The goal of logistic regression is to use the training data to find the values of coefficients b0 and b1 such that it will minimize the error between the predicted outcome and the actual outcome. These coefficients are estimated using the technique of Maximum Likelihood Estimation.

## 7- CART

Classification and Regression Trees (CART) is an implementation of Decision Trees, among others such as ID3, C4.5.

The non-terminal nodes are the root node and the internal node. The terminal nodes are the leaf nodes. Each non-terminal node represents a single input variable (x) and a splitting point on that variable; the leaf nodes represent the output variable (y). The model is used as follows to make predictions: walk the splits of the tree to arrive at a leaf node and output the value present at the leaf node.

The decision tree in below figure classifies whether a person will buy a sports car or a minivan depending on their age and marital status. If the person is over 30 years and is not married, we walk the tree as follows : ‘over 30 years?’ -> yes -> ’married?’ -> no. Hence, the model outputs a sportscar.

## 8- PCA

Principal Component Analysis (PCA) is used to make data easy to explore and visualize by reducing the number of variables. This is done by capturing the maximum variance in the data into a new co-ordinate system with axes called ‘principal components’. Each component is a linear combination of the original variables and is orthogonal to one another. Orthogonality between components indicates that the correlation between these components is zero.

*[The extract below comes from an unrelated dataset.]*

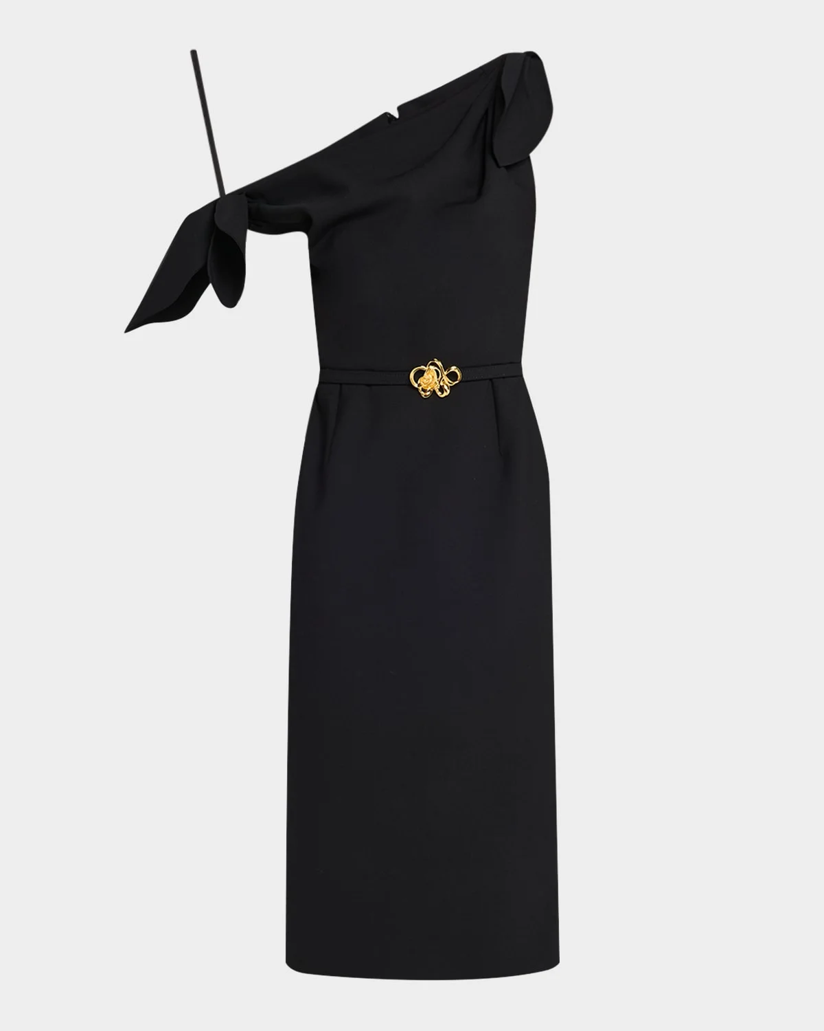 - Oscar de la Renta dress featuring a draped neck with shoulder ties and a belted waist with a golden swirl buckle - Off-the-shoulder neckline - Cap sleeves - Sheath silhouette - Knee length - Center-back vented hem - Invisible back zip - Virgin wool/polyester/elastane - Lining: Silk - Dry clean - Made in Italy
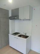 コンクリート打ち放しの壁をスポットライト照明がお洒落に照らすデザイナーズマンション。2口ガスのシステムキッチンや独立洗面台、浴室乾燥機、エアコン等の室内設備や宅配ボックス、駐輪場等の共用設備も充実

The first principal component captures the direction of the maximum variability in the data. The second principal component captures the remaining variance in the data but has variables uncorrelated with the first component. Similarly, all successive principal components capture the remaining variance while being uncorrelated with the previous component.

## 9- Apriori

The Apriori algorithm is used in a transactional database to mine frequent itemsets and then generate association rules. It is popularly used in market basket analysis, where one checks for combinations of products that frequently co-occur in the database. In general, we write the association rule for ‘if a person purchases item X, then he purchases item Y’ as : X -> Y.

Example: if a person purchases milk and sugar, then he is likely to purchase coffee powder. This could be written in the form of an association rule as: {milk,sugar} -> coffee powder. Association rules are generated after crossing the threshold for support and confidence.

The Support measure helps prune the number of candidate itemsets to be considered during frequent itemset generation. This support measure is guided by the Apriori principle. The Apriori principle states that if an itemset is frequent, then all of its subsets must also be frequent.

These are boosting algorithms is one of the most used Machine Learning Algorithms and is used when massive loads of data have to be handled to make predictions with high accuracy. Boosting is an ensemble learning algorithm that combines the predictive power of several base estimators to improve robustness.